Comme lui, Emmanuel Macron, sa cheffe du gouvernement, leurs ministres et des député-es du parti présidentiel sont accueilli-es au son des casseroles à chacune de leurs sorties. Une manière de dénoncer joyeusement la surdité du pouvoir. C’est Attac qui a lancé l’idée après la publication de la loi retraite au Journal officiel, le 15 avril. Chaque jour, l’ONG met à jour une carte des visites ministérielles sur son site internet. Élysée et ministères ont beau draper leurs déplacements dans le secret, l’information finit toujours par s’éventer. Parfois, des centaines de personnes convergent vers un point de rendez-vous, comme le 24 avril, gare de Lyon, à Paris, où le ministre de l’Éducation nationale, Pap Ndiaye, est resté bloqué dans un TGV avant d’être exfiltré par la police.
Le scénario est déplorable en termes d’image, contredisant les « 100 jours d’apaisement » décrétés par Emmanuel Macron après le passage en force sur les retraites. Dans un premier temps, le pouvoir a interdit les casserolades et fait confisquer ces « objets sonores portatifs » en invoquant les lois antiterroristes. Face au ridicule et à l’illégalité de la mesure, il a reculé et mise désormais sur l’élargissement des périmètres d’interdiction de manifester pour garder le peuple mécontent à bonne distance.
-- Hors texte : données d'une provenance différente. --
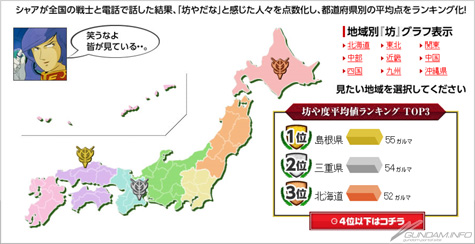 這裡有夏亞和全國戰士通過話的結果,將感覺『只是個少爺啊』的人們數字化,以各都道府縣的平均分數排成排行榜。現在「孩子氣」全國第1名為島根縣,但是這到底是一件光榮的事嗎,還是…??
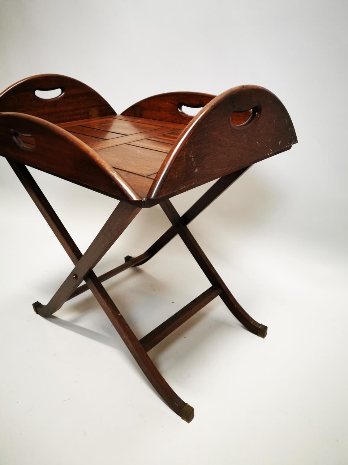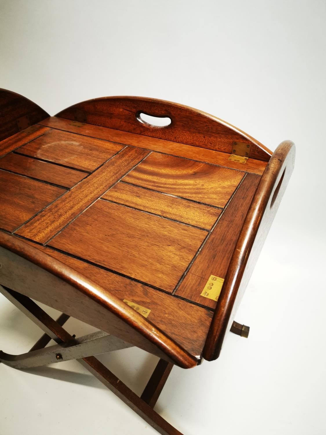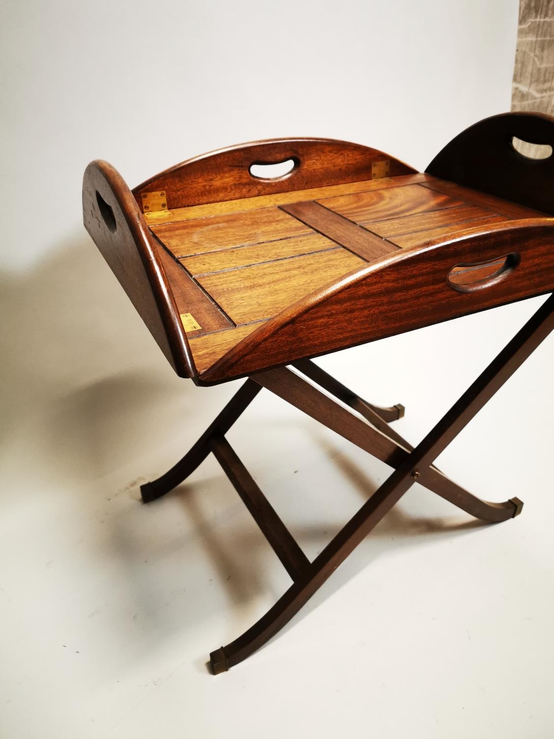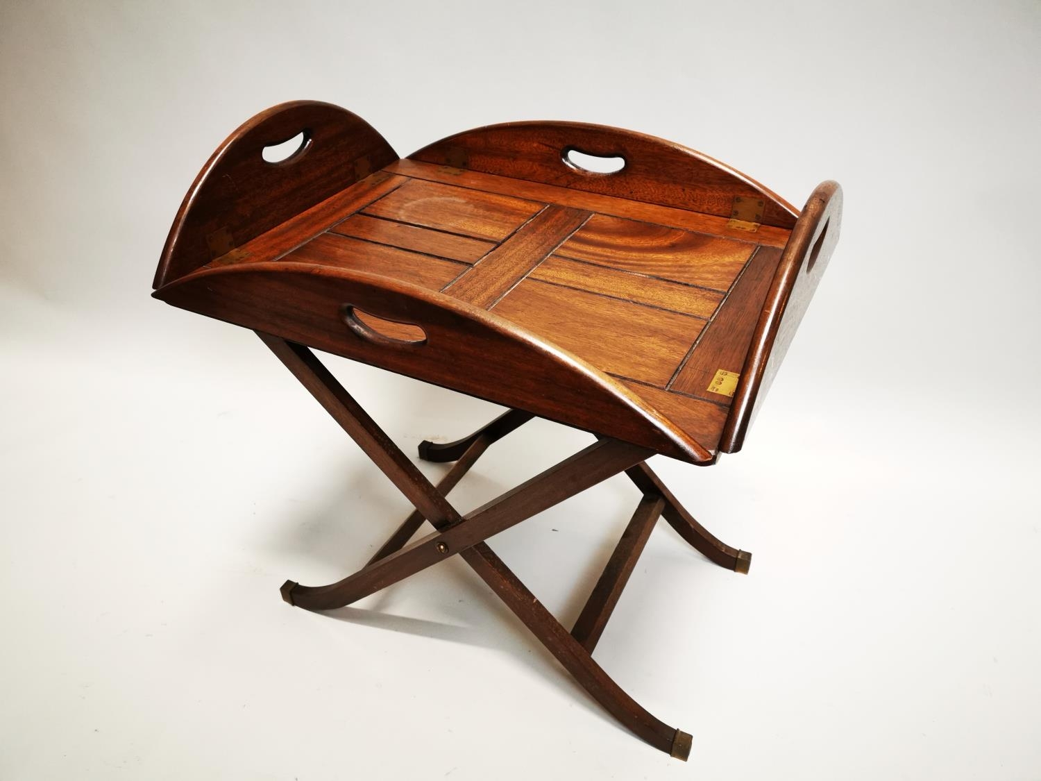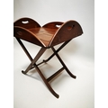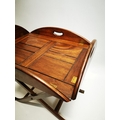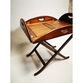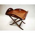 Mahogany coffee table in the form of a butlers tray on stand {57 cm H x 88 cm W x 64 cm D}.

Mais les casseroles, cela s’entend de loin. Et c’est bien le but de ces concerts qui accompagnent régulièrement protestations sociales et politiques à travers le monde. Ce bruyant moyen d’expression est apparu en 1832 avec la contestation de la monarchie de Juillet en France. Près de 200 ans plus tard, l’objectif reste inchangé : « C’est une réponse sonore, non violente et ironique aux 100 jours de Macron », s’amuse Michel, un enseignant, armé de sa casserole, comme il se doit.